His Majesty the King received the prize winner in an audience at the Royal Palace before handing out the award in the official ceremony. The ceremony was held in the hall in one of the University of Oslo’s oldest buildings near the Royal Palace in the Oslo city centre.
The Abel Prize is essential within the Norwegian Academy, and there will be a number of events in the coming week related to the prize. The celebration of the Abel Prize began on Sunday. Then, flowers were laid down on the monument dedicated to Abel, which is in the Palace Park, which is located around Royal Palace in Oslo.
Before the award winner met the King in the audience, a lunch was held on the University of Oslo’s campus at Blindern. By Monday evening, it was time to celebrate the award. His Majesty the King participated in a dinner held in Oslo Town Hall to celebrate Professor Robert Langlands. At the University of Oslo, there were separate celebrations that everyone could attend.
Abel Prize winner Robert Langlands held a lecture at the University of Oslo on Tuesday.
The Abel Prize is awarded annually to international researchers who have excelled in the field of mathematics.
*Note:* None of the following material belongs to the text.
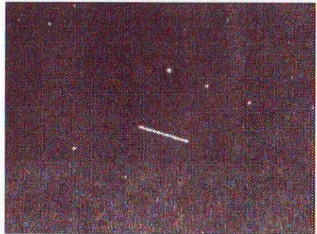
Ezt a 20' \times 15' -es képet május 19-én 12:14 UT-kor, mindössze 30 másodperc expozícióval készítette Takuo Kojima, egy 25 cm-es reflektorral és ST-6-os CCD-kamerával

Az utóbbi években már többször be számoltunk a holdpálya távolságában elszáguldó kisbolygókról, ám azok mérete sosem haladta meg a 10–20 m-t. A 200 m-es 1996 JA1 becsapódása esetén viszont igen nagy károkat okozhatna, a keletkező kráter mérete több kilométerre rúgna. A közelítés előtti 4,01 éves kerिंगési ideje a Föld gravitációs hatása miatt 4,10 évre módosult, így pár évtizedig biztosan nem lesz jelentős közelítése. 2000-ben már csak 0,41 Cs.E.-re fog elhaladni mellettünk.

The prize is awarded by the Norwegian Academy of Sciences, and the award ceremony is always attended with at least one member of the Royal House in a ceremony at the University of Oslo. The price is six million crowns (around 1 million US dollars).
The award winner is elected by the Abel Committee, which consists of internationally renowned mathematicians. The Abel Prize is named after Norwegian mathematician Niels Henrik Abel. Niels Abel solved different mathematical problems that others had been struggling for hundreds of years.
The Abel monument is a sculpture created by Gustav Vigeland and built in 1908 at Abelhaugen, a height southwest in the Palace Park in Oslo, in memory of the Norwegian mathematician Niels Henrik Abel (1802-1829).